===== Provided records

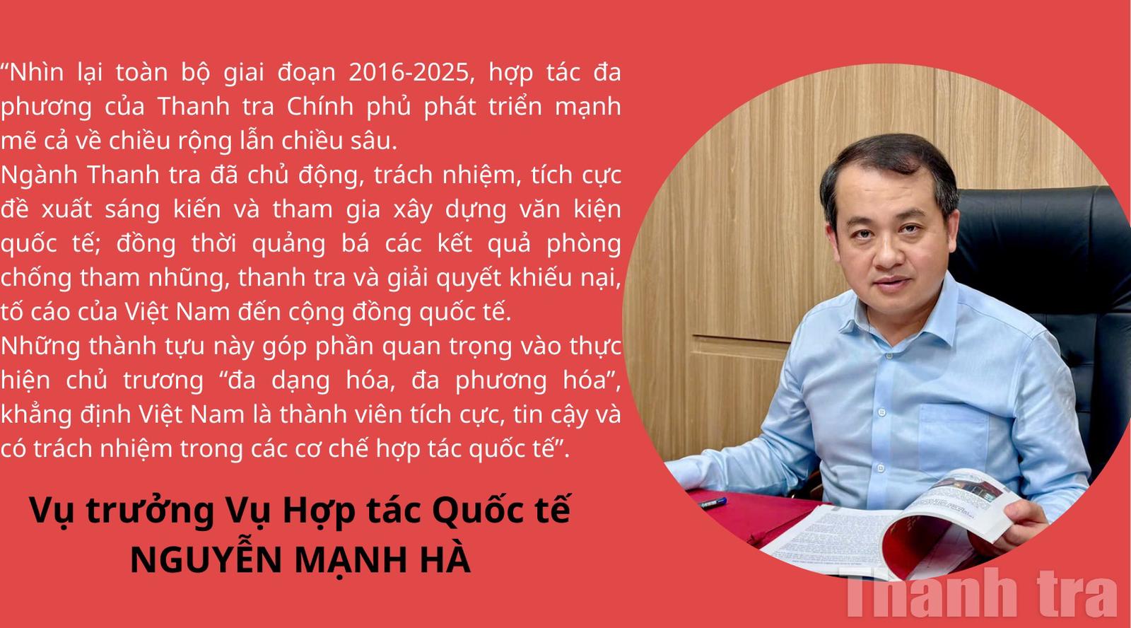 Theo ông Nguyễn Mạnh Hà, Vụ trưởng Vụ Hợp tác Quốc tế, Thanh tra Chính phủ, trong giai đoạn 2016-2025, Thanh tra Chính phủ triển khai hợp tác đa phương trên cơ sở bám sát đường lối, nghị quyết của Đảng về nâng tầm đối ngoại đa phương và chủ động hội nhập quốc tế.
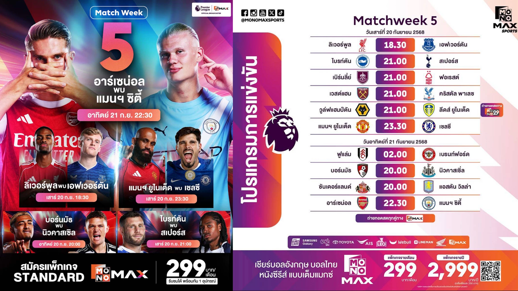 เริ่มต้นใน วันเสาร์ที่ 20 กันยายน 2568 เวลา 18:30 น. แฟนบอลจะได้พบกับศึกแห่งศักดิ์ศรีเมืองลิเวอร์พูลหรือ “เมอร์ซีย์ไซด์ดาร์บี้” เมื่อ ลิเวอร์พูล เปิดรังแอนฟิลด์ต้อนรับการมาเยือนของคู่ปรับตลอดกาลอย่าง เอฟเวอร์ตัน เกมใหญ่ที่ไม่เคยขาดสีสันและดราม่า รับชมทาง Monomax จากนั้น เวลา 21.00 น. จะมีโปรแกรมพร้อมกันถึงสี่คู่ โดย ไบรท์ตัน แอนด์ โฮฟ อัลเบี้ยน เตรียมดวลเกมรุกสุดมันส์กับ ท็อตแน่ม ฮ็อตสเปอร์ รับชมทาง Monomax ขณะที่ เบิร์นลี่ย์ เปิดบ้านรับการมาเยือนของ น็อตติ้งแฮม ฟอเรสต์ ในเกมที่ทั้งสองทีมต่างต้องการแต้มเพื่อขยับหนีโซนอันตราย รับชมทาง Monomax ในเวลาเดียวกัน เวสต์แฮม ยูไนเต็ด จะลงเล่นศึกดาร์บี้เมืองหลวงกับ คริสตัล พาเลซ ที่ขึ้นชื่อเรื่องเกมสวนกลับอันตราย รับชมทาง Monomax ส่วนอีกคู่ที่น่าจับตาคือการพบกันระหว่าง วูล์ฟแฮมป์ตัน วันเดอเรอร์ส และ ลีดส์ ยูไนเต็ด โดยคู่นี้จะถ่ายทอดสดพิเศษทั้งทาง Monomax และ ช่อง MONO29 ความมันส์ยังไม่จบเพราะ เวลา 23.30 น. จะเป็นคู่เอกประจำวันเสาร์ที่แฟนบอลทั่วโลกตั้งตารอ นั่นคือการดวลกันระหว่าง แมนเชสเตอร์ ยูไนเต็ด และ เชลซี ที่สนามโอลด์แทรฟฟอร์ด เกมบิ๊กแมตช์ที่เดิมพันคะแนนและศักดิ์ศรี รับชมทาง Monomax จากนั้นต่อด้วย เวลา 02:00 น. ของวันอาทิตย์ที่ 21 กันยายน 2568 (คืนวันเสาร์ที่ 20 กันยายน 2568) ศึกดาร์บี้แห่งลอนดอนตะวันตกระหว่าง ฟูแล่ม กับ เบรนท์ฟอร์ด ที่ต่างต้องการสามแต้มเพื่อขยับอันดับกลางตาราง รับชมได้ทาง Monomax
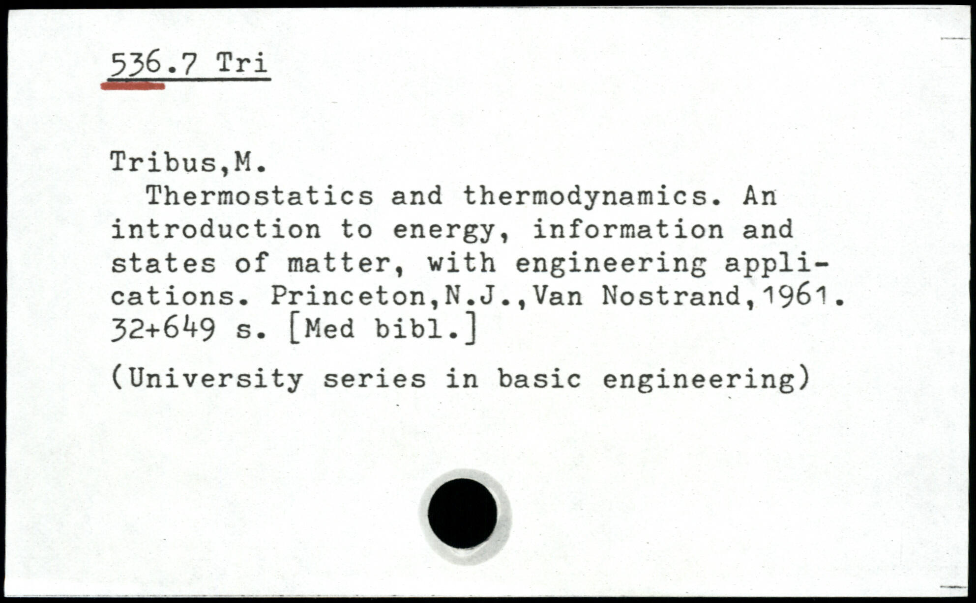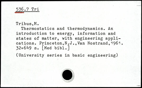 Thermostatics and thermodynamics. An introduction to energy, information and states of matter, with engineering applications.
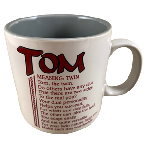 Features the name Tom printed in a large font at the top of the front side of the mug. Directly underneath this is a poem about the name Tom.
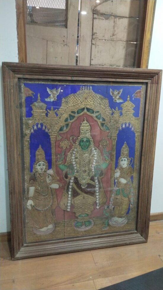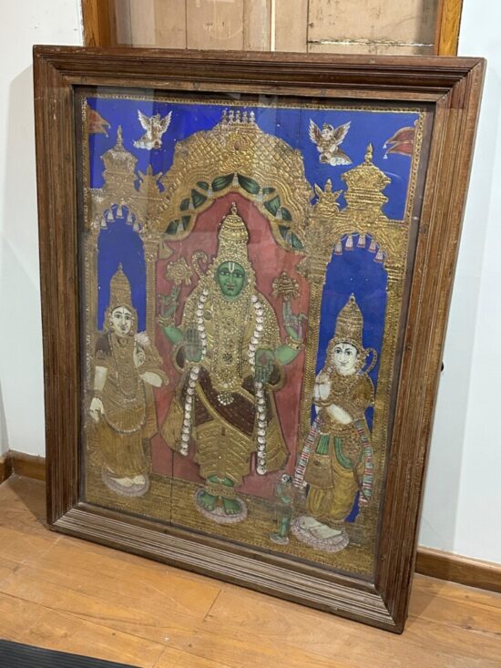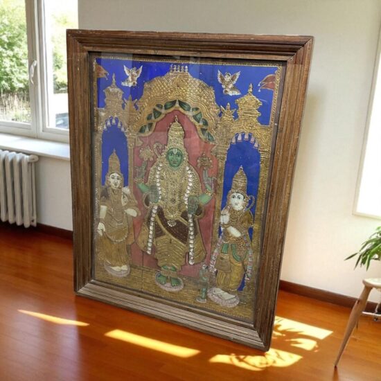 Housed in its original handcrafted wooden frame, this piece reflects the classic Thanjavur school of art known for its rich iconography, layered relief work, and spiritual aura. It’s not just a painting — it is a living piece of sacred history, ideal for temples, collectors, museums, or luxury interiors.

==========

* _Your objective_
Your answer should hold only the lines from the line with "Features the name" through the closing line of the records, restated exactly and free of pictures.

* _Task output_
 Features the name Tom printed in a large font at the top of the front side of the mug. Directly underneath this is a poem about the name Tom.
 Housed in its original handcrafted wooden frame, this piece reflects the classic Thanjavur school of art known for its rich iconography, layered relief work, and spiritual aura. It’s not just a painting — it is a living piece of sacred history, ideal for temples, collectors, museums, or luxury interiors.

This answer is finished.